Task brief: Make an exact copy of the entries, taking out every picture.

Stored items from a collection
○ ○ ○ ○

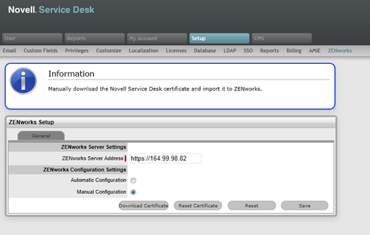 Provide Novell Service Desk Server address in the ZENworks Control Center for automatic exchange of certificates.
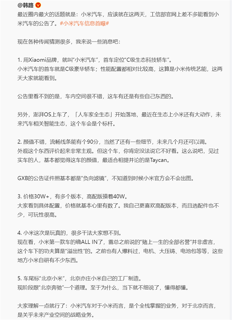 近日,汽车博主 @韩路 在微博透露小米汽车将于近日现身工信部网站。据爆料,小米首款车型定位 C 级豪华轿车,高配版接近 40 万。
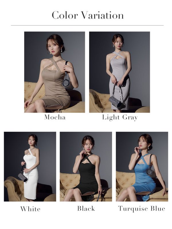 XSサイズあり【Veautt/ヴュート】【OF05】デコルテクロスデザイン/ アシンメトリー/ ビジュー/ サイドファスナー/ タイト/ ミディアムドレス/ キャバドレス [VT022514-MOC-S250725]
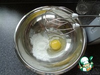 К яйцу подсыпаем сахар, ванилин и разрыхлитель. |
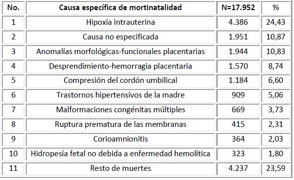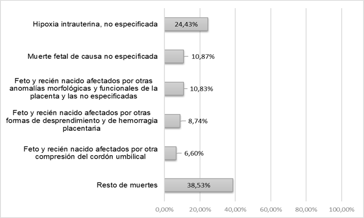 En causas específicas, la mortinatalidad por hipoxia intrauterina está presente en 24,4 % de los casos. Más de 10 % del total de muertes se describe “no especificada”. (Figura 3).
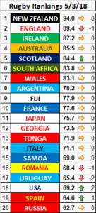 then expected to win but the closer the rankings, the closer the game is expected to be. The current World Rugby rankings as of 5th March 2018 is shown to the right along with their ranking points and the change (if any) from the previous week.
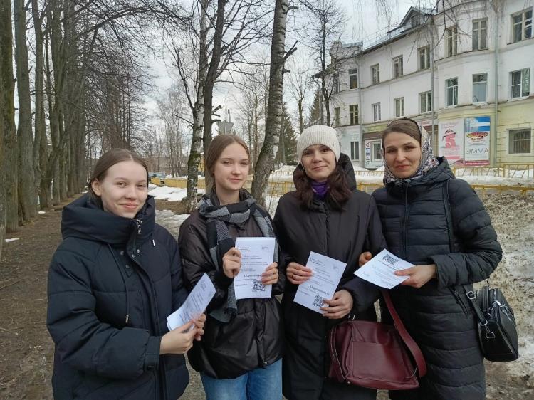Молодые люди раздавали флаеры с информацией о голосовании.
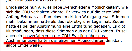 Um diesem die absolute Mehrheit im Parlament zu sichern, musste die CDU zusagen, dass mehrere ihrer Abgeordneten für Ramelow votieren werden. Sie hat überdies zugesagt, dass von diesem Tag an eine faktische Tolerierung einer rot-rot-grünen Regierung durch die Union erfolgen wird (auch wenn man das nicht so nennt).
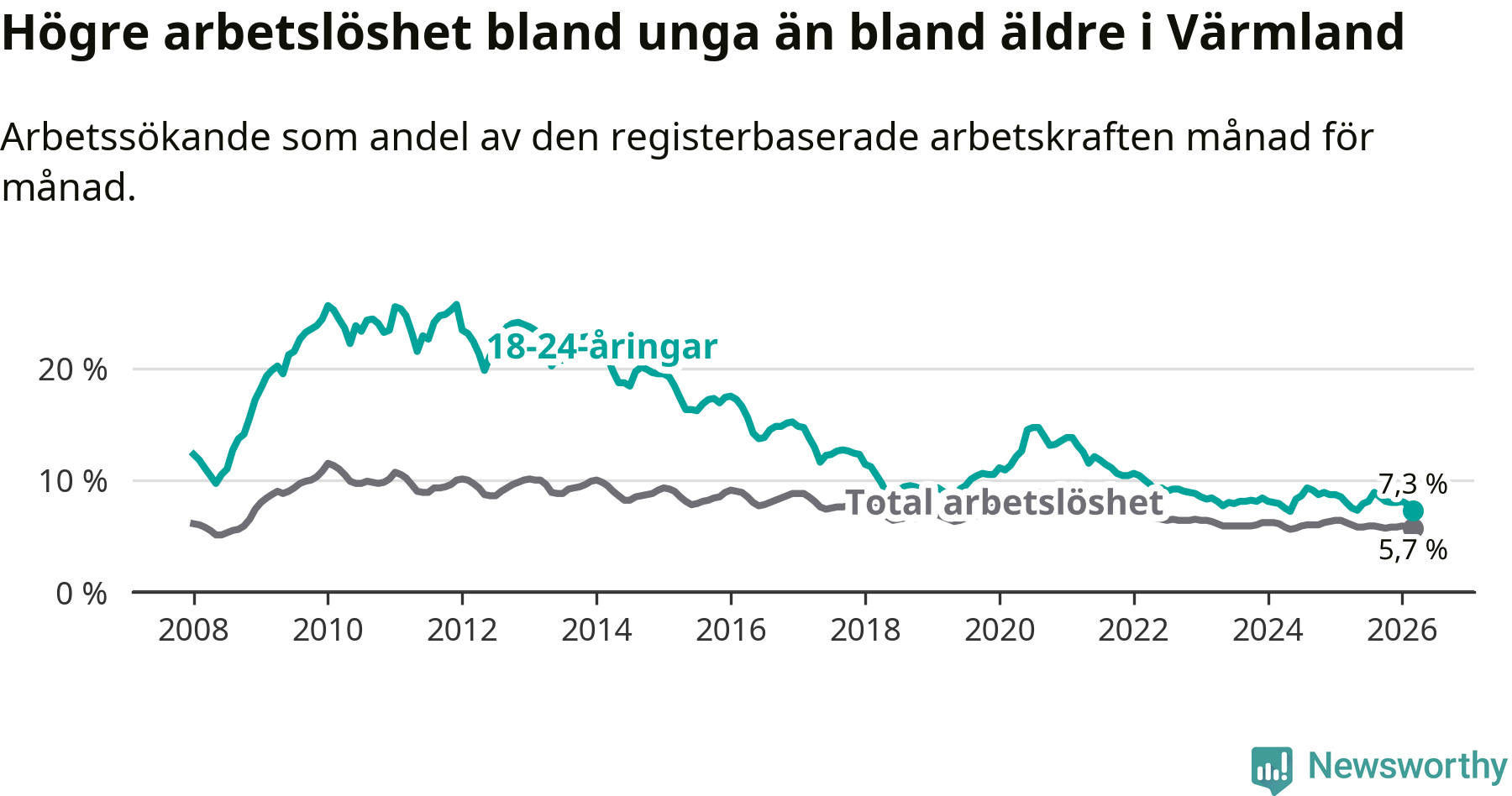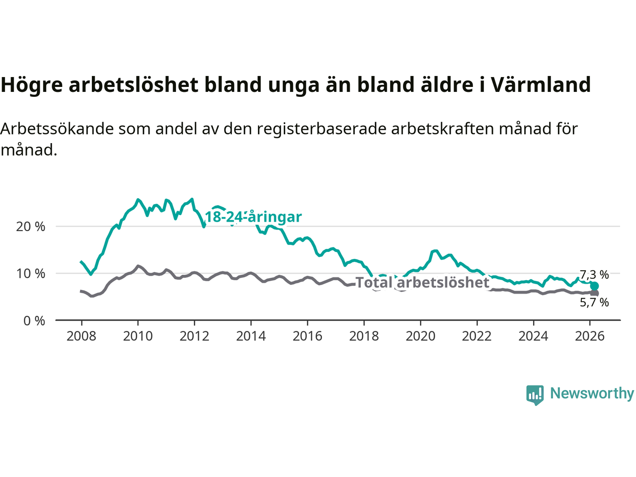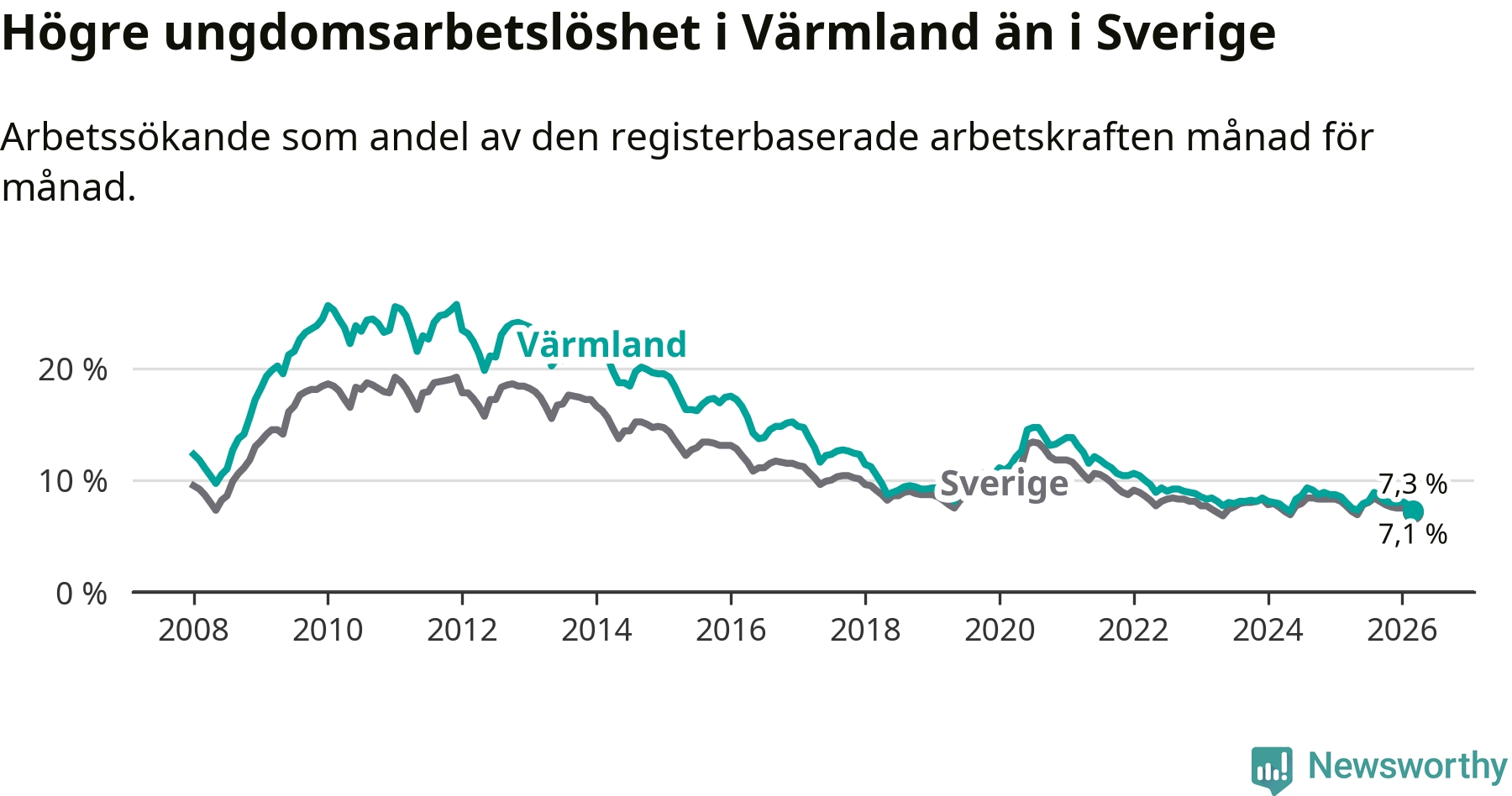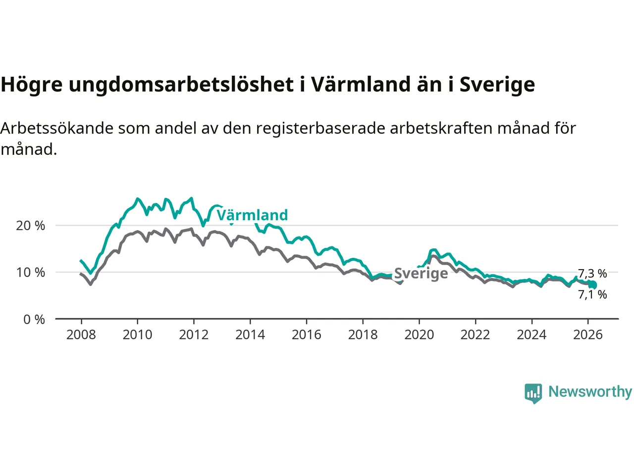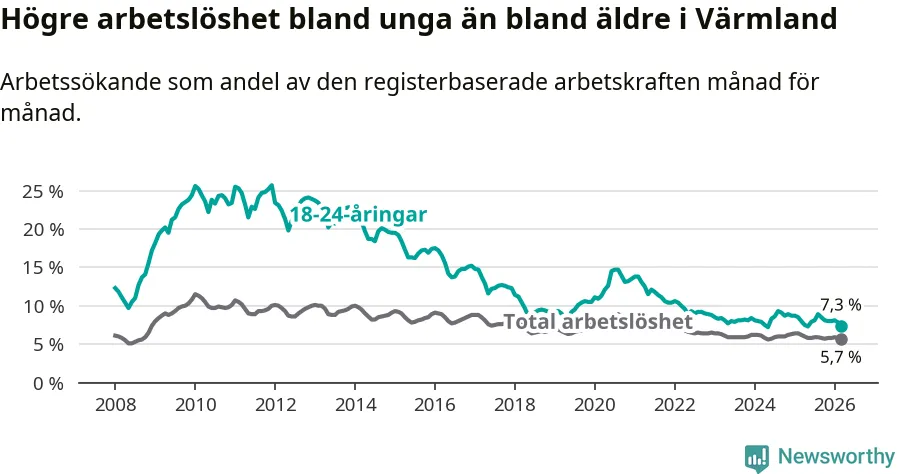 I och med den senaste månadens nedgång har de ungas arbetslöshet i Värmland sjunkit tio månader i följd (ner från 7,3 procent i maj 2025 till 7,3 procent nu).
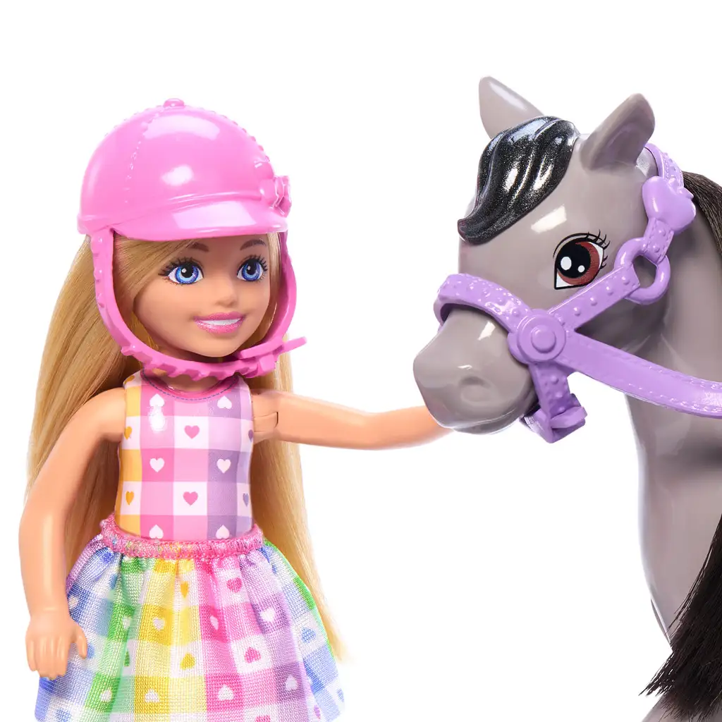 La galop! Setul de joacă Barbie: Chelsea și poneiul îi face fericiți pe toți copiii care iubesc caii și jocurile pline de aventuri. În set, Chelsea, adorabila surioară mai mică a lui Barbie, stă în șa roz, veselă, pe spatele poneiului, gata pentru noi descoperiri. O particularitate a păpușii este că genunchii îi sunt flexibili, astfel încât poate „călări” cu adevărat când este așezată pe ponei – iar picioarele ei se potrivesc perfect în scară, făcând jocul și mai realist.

○ ○ ○ ○

Task response:
 Provide Novell Service Desk Server address in the ZENworks Control Center for automatic exchange of certificates.
 近日,汽车博主 @韩路 在微博透露小米汽车将于近日现身工信部网站。据爆料,小米首款车型定位 C 级豪华轿车,高配版接近 40 万。
 XSサイズあり【Veautt/ヴュート】【OF05】デコルテクロスデザイン/ アシンメトリー/ ビジュー/ サイドファスナー/ タイト/ ミディアムドレス/ キャバドレス [VT022514-MOC-S250725]
 К яйцу подсыпаем сахар, ванилин и разрыхлитель. |
 En causas específicas, la mortinatalidad por hipoxia intrauterina está presente en 24,4 % de los casos. Más de 10 % del total de muertes se describe “no especificada”. (Figura 3).
 then expected to win but the closer the rankings, the closer the game is expected to be. The current World Rugby rankings as of 5th March 2018 is shown to the right along with their ranking points and the change (if any) from the previous week.
Молодые люди раздавали флаеры с информацией о голосовании.
 Um diesem die absolute Mehrheit im Parlament zu sichern, musste die CDU zusagen, dass mehrere ihrer Abgeordneten für Ramelow votieren werden. Sie hat überdies zugesagt, dass von diesem Tag an eine faktische Tolerierung einer rot-rot-grünen Regierung durch die Union erfolgen wird (auch wenn man das nicht so nennt).
 I och med den senaste månadens nedgång har de ungas arbetslöshet i Värmland sjunkit tio månader i följd (ner från 7,3 procent i maj 2025 till 7,3 procent nu).
 La galop! Setul de joacă Barbie: Chelsea și poneiul îi face fericiți pe toți copiii care iubesc caii și jocurile pline de aventuri. În set, Chelsea, adorabila surioară mai mică a lui Barbie, stă în șa roz, veselă, pe spatele poneiului, gata pentru noi descoperiri. O particularitate a păpușii este că genunchii îi sunt flexibili, astfel încât poate „călări” cu adevărat când este așezată pe ponei – iar picioarele ei se potrivesc perfect în scară, făcând jocul și mai realist.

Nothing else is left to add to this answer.